In our inferential framework, SML methods learn from simulations which come from one or several generative model(s) (i.e., scenario[s]). A relevant way to obtain benefits from generative scenario simulations is the Bayesian paradigm and therefore the ABC type approach (Beaumont et al., 2002). Here, the training set is equivalent to the ABC reference table, which includes a given number of data sets that have been simulated for different scenarios using parameter values drawn from prior distributions, each data set being summarized with a set of descriptive statistics. Random forest (RF; Breiman, 2001) is considered as a major SML algorithm for classification or regression. Briefly, RF aggregates the predictions of a collection of classification trees or regression trees, depending on whether the output is categorical (e.g., the identity of a finite number of compared scenarios) or quantitative (e.g., the simulated values of a parameter of interest). Each tree is built by using the information provided by a bootstrap sample of the training set and manages to capture one part of the dependency between the output and the covariates of the feature vector. Based on these random trees which are individually poor predictors of output, a random forest is built by aggregating the tree predictions in order to increase the predictive performances to a high level of accuracy, mainly due to the variance reduction of predictions compared to an individual tree (Breiman, 2001). More detail and in-depth explanation can be found in Pudlo et al. (2016), Fraimout et al. (2017), Estoup et al. (2018) and Marin et al. (2018) for scenario choice, and Raynal et al. (2019) for parameter estimation. See also Appendix S3 of Chapuis et al. (2020) for a concise overview of the RF algorithms and statistical developments used in the present study and implemented in the computer package DIYABC Random Forest v1.0.

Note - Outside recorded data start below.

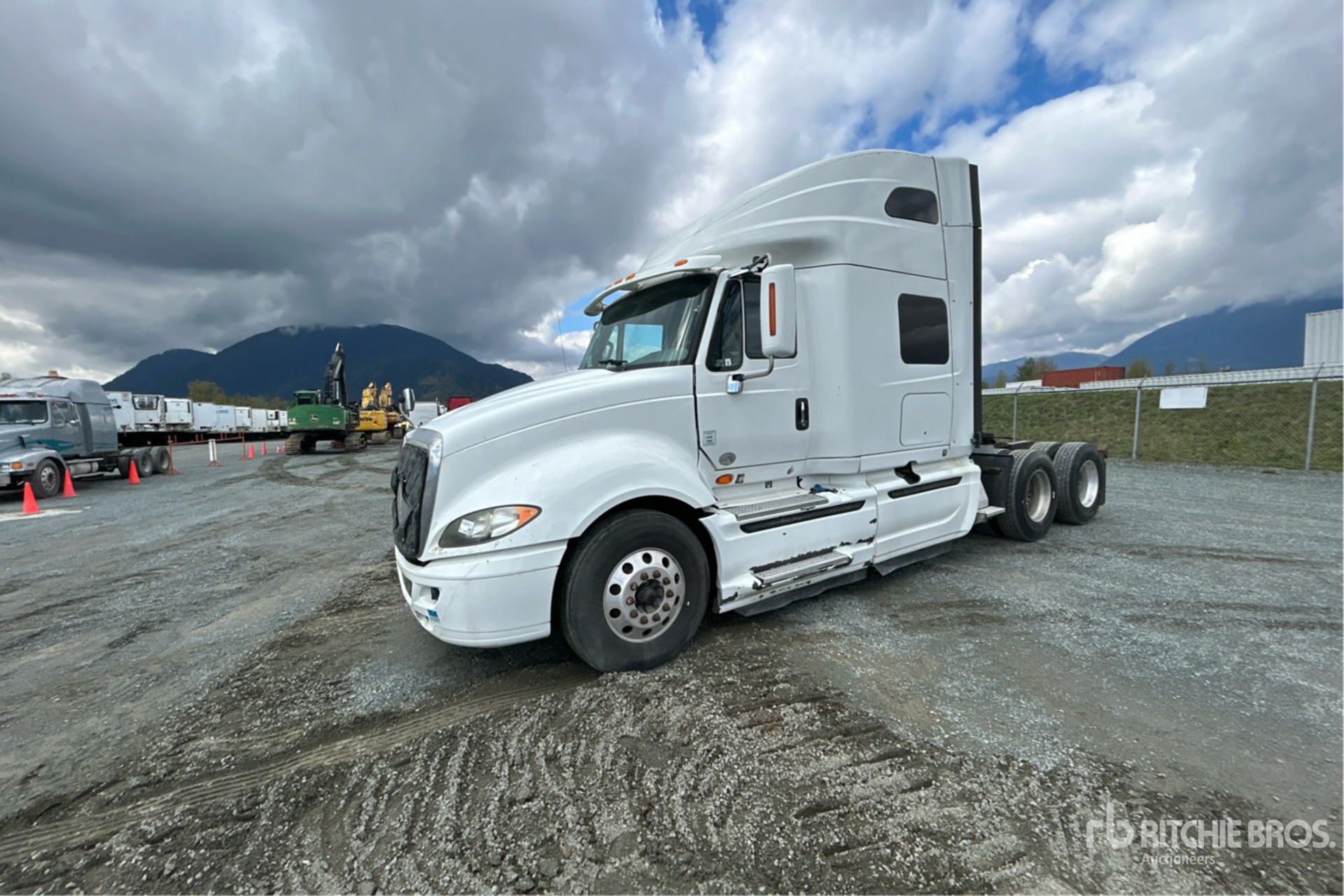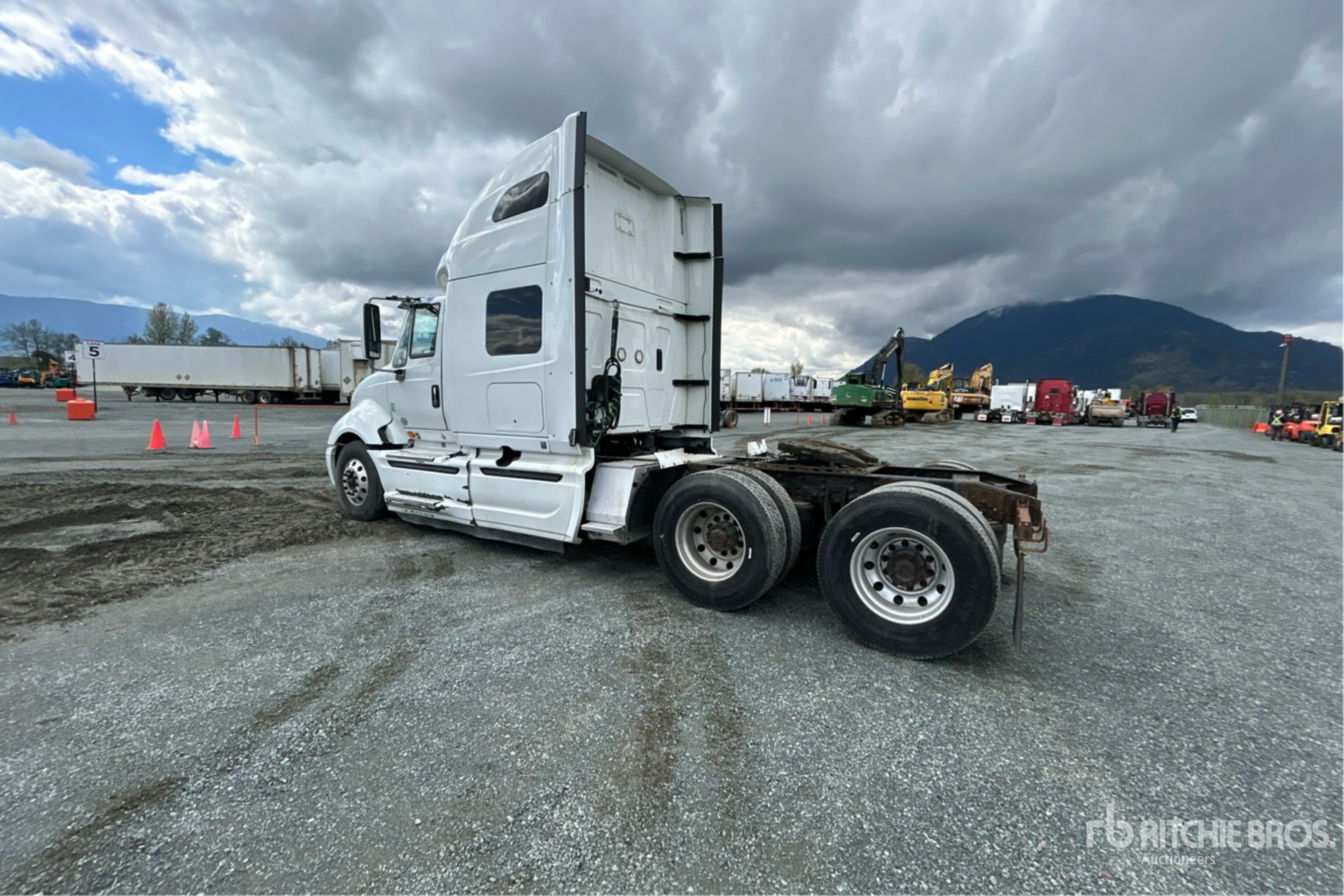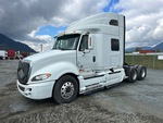 Moteur Navistar A475 de 475 ch, homologué EPA 2015, 21 611 heures de fonctionnement, transmission automatique, essieu avant de 5 600 kg, essieux arrière de 18 144 kg, PTAC de 23 700 kg, frein moteur, cabine couchette surélevée de 142 cm, lits superposés, empattement de 573 cm, suspension pneumatique, jantes en aluminium, pneus 11R22.5, attelage coulissant pneumatique, double réservoir de carburant
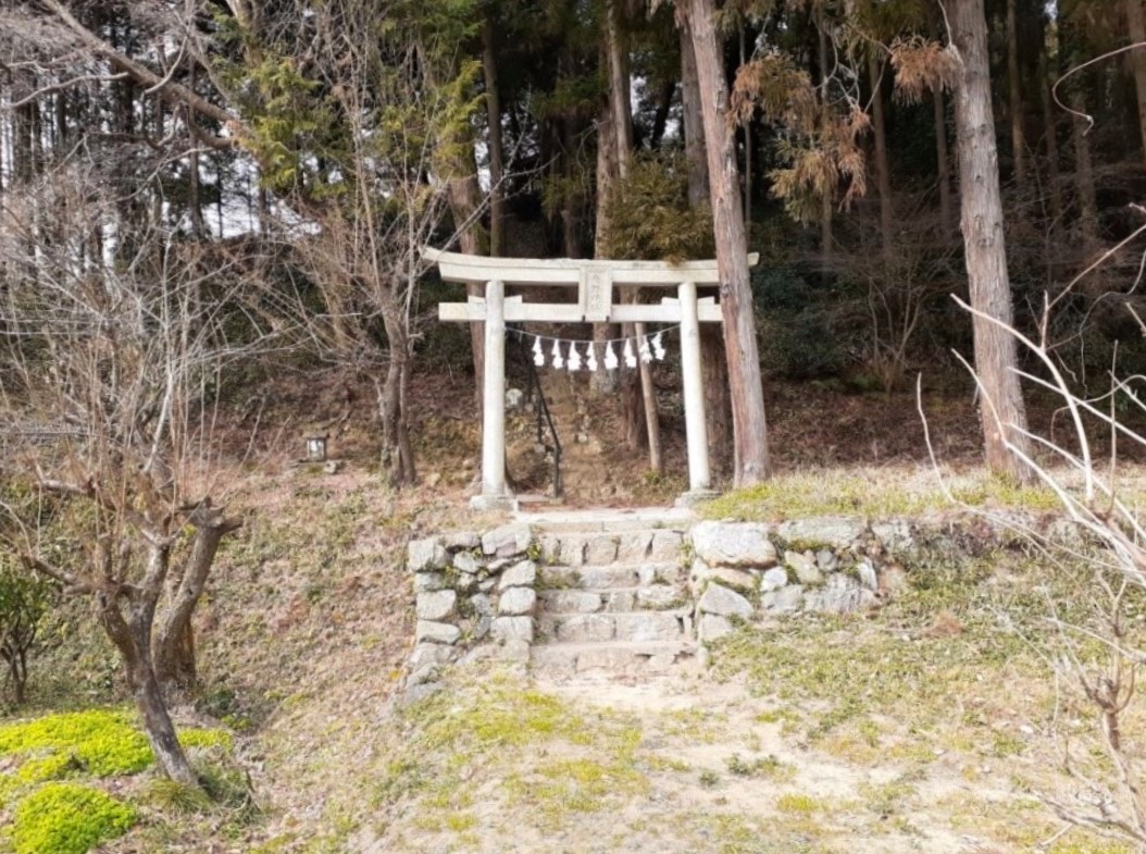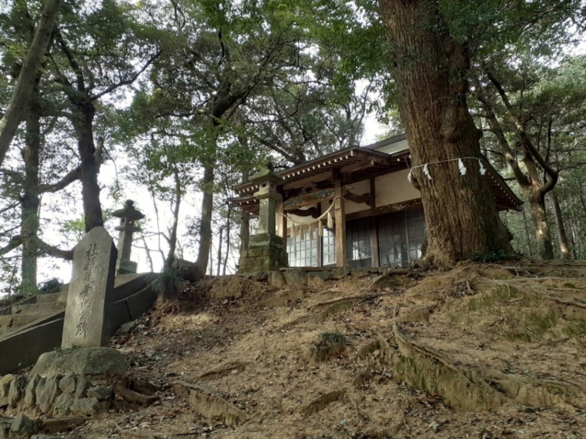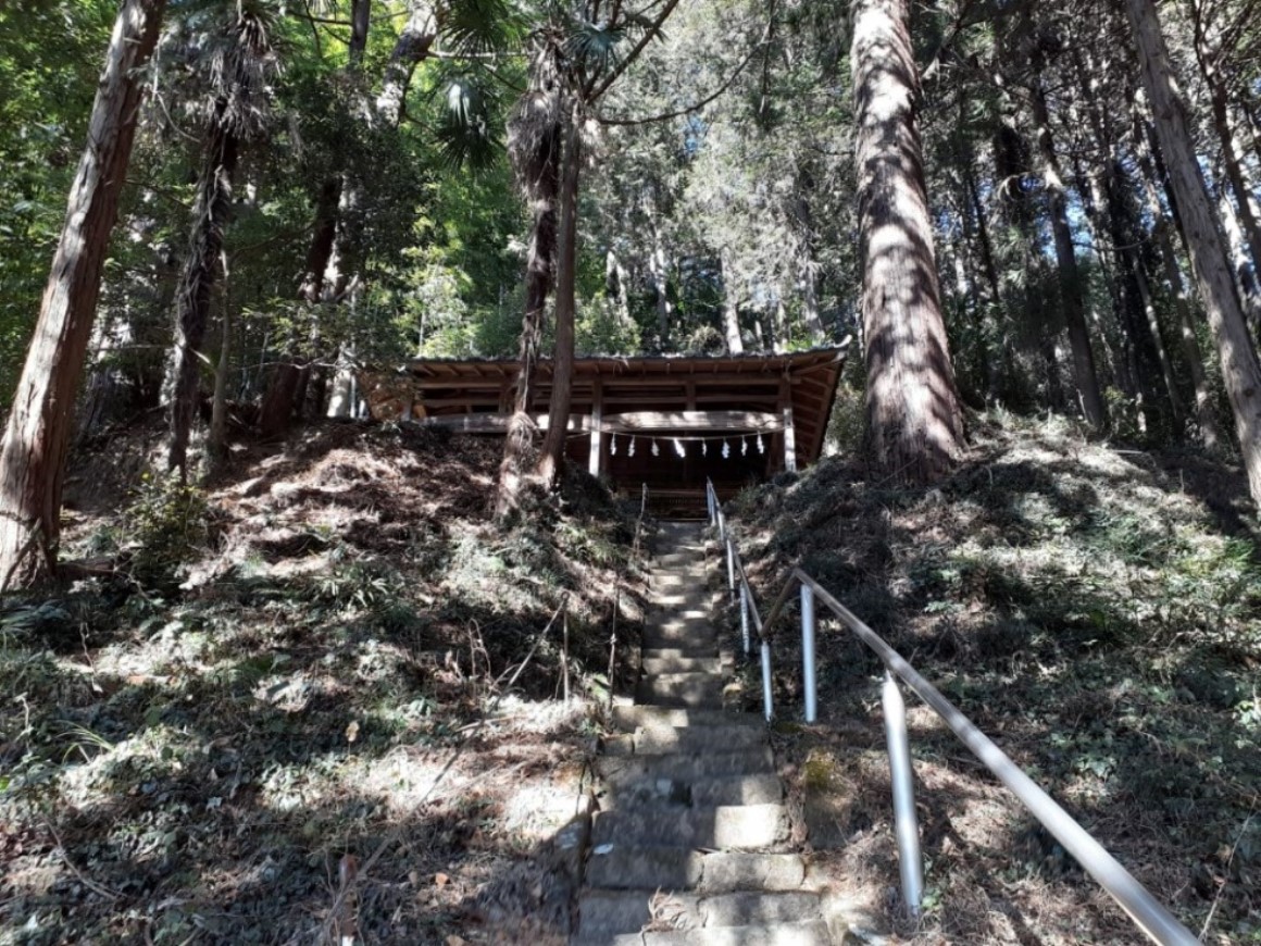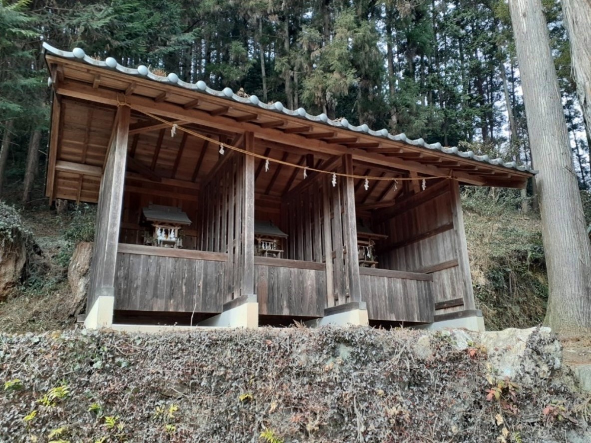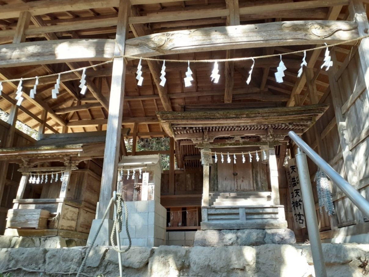 同寺の過去帳によると、松山城にいた三人の家老の一人、原川丹波守が落ち延びて隠れ住んだのが当地であったという。このころ当社も創建されたと伝わるが、『明細帳』には慶長四年(一五九九)に再建とあることから、当初は恐らく小さな祠であったのであろう。その後、次第に村民の信仰を集め、当村独立の際に村の鎮守として位置づけられたと思われる。境内にある「たもと石」と呼ばれる高さ五〇センチメートルほどの円柱形の石は、丹波守が松山城から落ち延びた時に袂に入れて持ち出したものと言われ、例祭には注連縄を張って祭典を行っている。
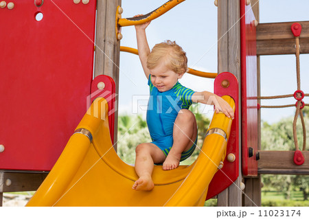 Little toddler boy sitting on playground
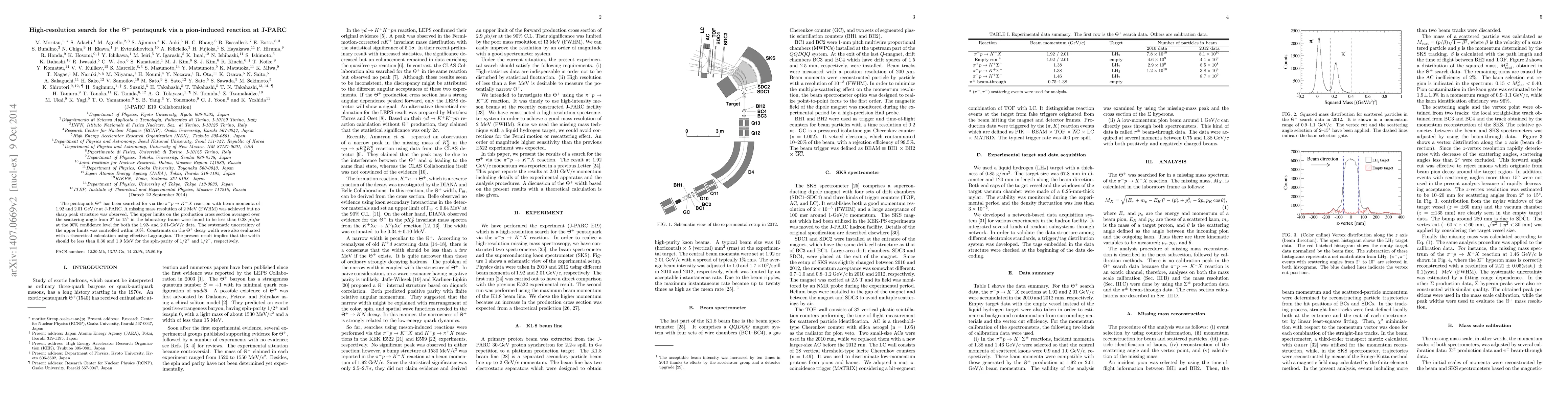 The research conducted at J-PARC using pion-induced reactions failed to observe a sharp peak structure indicative of the $Theta^+$ pentaquark. Upper limits on its production cross section were set below 0.28 $mu$b/sr at 90% confidence level for both beam momenta of 1.92 and 2.01 GeV/$c$. The study also constrained the $Theta^+$ decay width to less than 0.36 MeV for $1/2^+$ and 1.9 MeV for $1/2^-$ spin-parity.
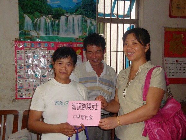在中秋節(jié)即將來臨之際,2011年9月5日上午,市文廣新局紀(jì)檢組長張雪惠、黨組成員梁艷萍與辦公室、駐村干部一行走訪慰問該局掛鉤幫扶的馬岡鎮(zhèn)紅豐村委會梁翠霞、梁偉能兩戶貧困戶,向他們送上中秋月餅,并了解他們的生產(chǎn)、生活情況。同時,受熱心人士、澳門鄉(xiāng)親鄺英女士的委托,代表她向貧困戶送上中秋慰問金,預(yù)祝他們過一個歡樂的中秋佳節(jié)。慰問梁翠霞家庭
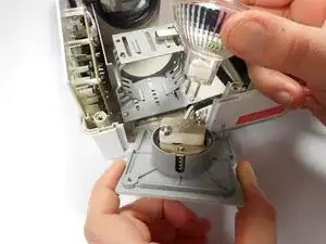 Переверните проектор в правильное положение и открутите два винта по 12 мм на панели лампы, расположенной на задней части проектора, с помощью отвертки Phillips #0.

2.2 Simulation of the training set

Before performing RF analyses, one needs to generate a training set. The data sets composing the training set can be simulated under different scenarios and sample configurations, using parameter values drawn from prior distributions. Each resulting data set is summarized using a set of descriptive statistics. We formalized scenarios and prior distributions, and computed summary statistics using the “training set simulation” module of the main pipeline of DIYABC Random Forest v1.0, which essentially corresponds to an extended version of the population genetics simulator implemented in DIYABC v2.1.0 (Cornuet et al., 2014). As in the latter program, DIYABC Random Forest v1.0 allows consideration of complex population histories including any combination of population divergence events, symmetrical or asymmetrical admixture events (but not any continuous gene flow between populations) and changes in past population size, with population samples potentially collected at different times.

DIYABC Random Forest v1.0 accepts various types of molecular data (microsatellites, DNA sequences, and SNPs) evolving under various mutation models and located on various chromosome types (autosomal, X or Y chromosomes, and mitochondrial DNA) for diploid or haploid individuals. To simulate polymorphic data sets at a given SNP locus, we follow the algorithm proposed by Hudson (1993) – cf. –s 1 option in the program ms associated to Hudson (2002). In DIYABC Random Forest v1.0, it is possible to impose a MAF (minimum allele frequency) criterion on both the observed and simulated data sets. For details, see the user manual of DIYABC Random Forest v1.0 (https://diyabc.github.io/doc/).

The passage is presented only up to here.